What to produce: All of the data should be repeated exactly; pictures are not part of the copy.

Recorded data:
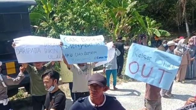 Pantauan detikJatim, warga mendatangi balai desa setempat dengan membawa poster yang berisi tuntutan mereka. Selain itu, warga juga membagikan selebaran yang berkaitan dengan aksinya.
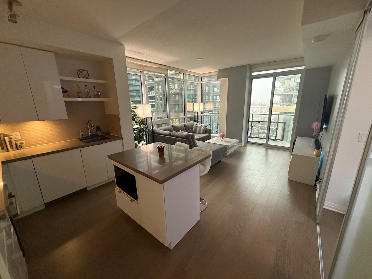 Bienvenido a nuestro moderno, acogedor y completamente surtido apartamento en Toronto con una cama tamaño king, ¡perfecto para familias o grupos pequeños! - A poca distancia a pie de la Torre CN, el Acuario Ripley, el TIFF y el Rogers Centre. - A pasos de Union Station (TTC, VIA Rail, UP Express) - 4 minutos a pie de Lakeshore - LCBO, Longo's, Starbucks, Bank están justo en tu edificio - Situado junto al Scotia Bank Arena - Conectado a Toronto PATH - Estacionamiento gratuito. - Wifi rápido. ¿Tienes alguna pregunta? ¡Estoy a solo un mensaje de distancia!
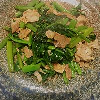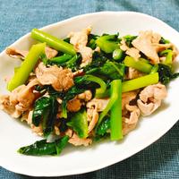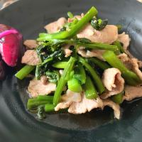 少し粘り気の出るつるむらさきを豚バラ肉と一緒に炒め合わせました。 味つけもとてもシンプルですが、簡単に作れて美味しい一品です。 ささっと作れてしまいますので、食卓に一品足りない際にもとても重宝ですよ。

Response to the exercise:
 Pantauan detikJatim, warga mendatangi balai desa setempat dengan membawa poster yang berisi tuntutan mereka. Selain itu, warga juga membagikan selebaran yang berkaitan dengan aksinya.
 Bienvenido a nuestro moderno, acogedor y completamente surtido apartamento en Toronto con una cama tamaño king, ¡perfecto para familias o grupos pequeños! - A poca distancia a pie de la Torre CN, el Acuario Ripley, el TIFF y el Rogers Centre. - A pasos de Union Station (TTC, VIA Rail, UP Express) - 4 minutos a pie de Lakeshore - LCBO, Longo's, Starbucks, Bank están justo en tu edificio - Situado junto al Scotia Bank Arena - Conectado a Toronto PATH - Estacionamiento gratuito. - Wifi rápido. ¿Tienes alguna pregunta? ¡Estoy a solo un mensaje de distancia!
 少し粘り気の出るつるむらさきを豚バラ肉と一緒に炒め合わせました。 味つけもとてもシンプルですが、簡単に作れて美味しい一品です。 ささっと作れてしまいますので、食卓に一品足りない際にもとても重宝ですよ。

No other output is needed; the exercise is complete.